DÉCLARATION LIMINAIRE CSA Territorial Alpes Vauscluse
DÉCLARATION LIMINAIRE
CSA Territorial
Madame la Directrice Territoriale, mesdames et messieurs les membres du CSA,
Une réforme menée à marche forcée
À l’horizon du 1er septembre 2026, le paysage de l’hébergement public à la PJJ s’apprête à vivre une transformation profonde avec la création des Unités Judiciaires à Priorité Éducative (UJPE).
Si notre organisation ne s’oppose pas par principe à une évolution du dispositif, elle dénonce fermement une réforme menée à marche forcée, sans moyens suffisants, et sans réelle vision pour le service public.
La gestion d’une unité d’hébergement est une mission complexe qui exige une énergie et une présence constante de la part des équipes de direction pour garantir la sécurité et la qualité éducative.
À ce titre, la CGT PJJ revendique la généralisation des mono-unités au niveau national, qui reste une nécessité face à l’exigence de l’hébergement.
Une rupture d’équité sur le territoire
Nous constatons aujourd’hui une rupture d’équité et de bon sens managérial sur notre territoire :
• L’UJPE de Montfavet (ex-CEF) conservera une direction dédiée pour une capacité totale de 13 places (10 en collectif et 3 en diffus).
• Parallèlement, l’UJPE Les Provençales devra gérer 18 places (10 en collectif et 8 en hébergement diversifié) tout en restant rattachée à l’EPEI d’Avignon.
Cela place sous la responsabilité d’un seul directeur cette unité ainsi que l’UEAJ Sud-Vaucluse.
Cette surcharge des directions multisites est intenable.
Seul le modèle de la mono-unité permet de répondre à l’intensité de la prise en charge demandée en UJPE.
Des effectifs rendus invisibles
Nous exprimons une vive inquiétude face à l’évolution du cahier des charges national qui ne mentionne plus de nombre d’agents minimum, mais uniquement des « pôles ».
Ce glissement sémantique est extrêmement dangereux : il permet à l’administration de masquer une volonté d’économies d’échelle au détriment de la présence éducative réelle.
L’administration semble privilégier la réduction des coûts plutôt que la qualité de la prise en charge des jeunes et la préservation des conditions de travail des agents.
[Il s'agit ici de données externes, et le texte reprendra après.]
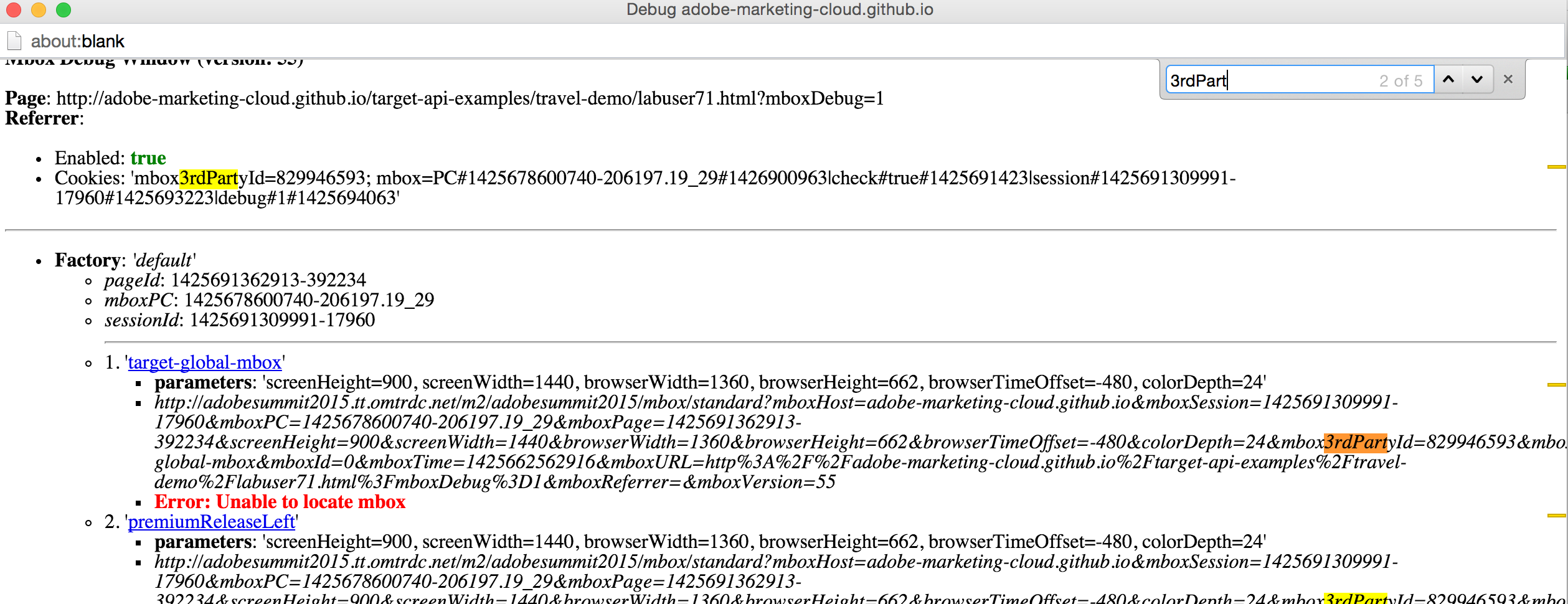 http://adobe-marketing-cloud.github.io/target-api-examples/travel-demo/labuser<USERNUMBER>.html?mboxDebug=1

Nous alertons également sur la suppression des postes de Responsables d’Unités Éducatives (RUE) au sein des Centres Éducatifs Fermés (CEF) en transformation.
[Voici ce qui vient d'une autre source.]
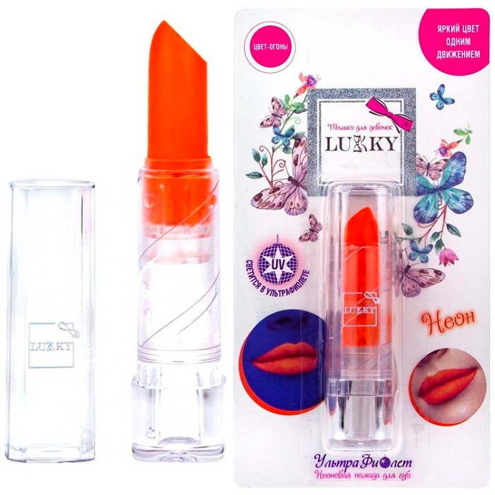 Неоновая помада для губ Lukky УльтраФиолет создана специально для девочек, которые любят красить губы, подражая старшим.

Au niveau national, ce sont 95 postes qui sont supprimés, incluant des personnels éducatifs, de maintenance.
Supprimer des postes d’encadrement de proximité dans des structures aussi sensibles que les futurs UJPE est un non-sens sécuritaire et pédagogique.
Un calendrier imposé sans réelle concertation
Nous dénonçons un calendrier politique extrêmement resserré qui réduit le dialogue social à une simple formalité procédurale.
Les orientations sont déjà actées nationalement, comme en témoigne la publication de la « Nomenclature des services » dès le 10 mars dernier.
Dans notre territoire, les professionnels doivent élaborer des projets complexes dans des délais « éclairs », sans consignes claires et sans véritable concertation des agents de terrain.
Des moyens toujours absents
L’affichage politique ne peut masquer la réalité : cette transformation se fait à moyens constants.
• Santé : Si l’arrivée d’un ETP infirmier est annoncée, nous savons qu’aucun plan de recrutement crédible n’existe pour pallier la tension sur ces métiers.
• Insertion : Les postes de professeurs techniques ne seront effectifs qu’en 2028, bien après l’entrée en vigueur de la réforme.
• Immobilier : Les adaptations nécessaires pour la mixité (aux Provençales) ou la sécurisation (à Montfavet) posent des questions majeures qui ne sont pas anticipées au regard du calendrier imposé.
Conclusion
En fragilisant le secteur public par un manque de moyens, un flou sur les effectifs et une organisation administrative incohérente, l’administration ouvre la voie à un recours croissant au secteur privé (SAH).
La CGT PJJ réaffirme son opposition à ce calendrier et exige un report de la réforme tant que les garanties humaines, managériales, matérielles et statutaires ne seront pas réunies pour assurer la sécurité des agents et la qualité de la prise en charge des mineurs.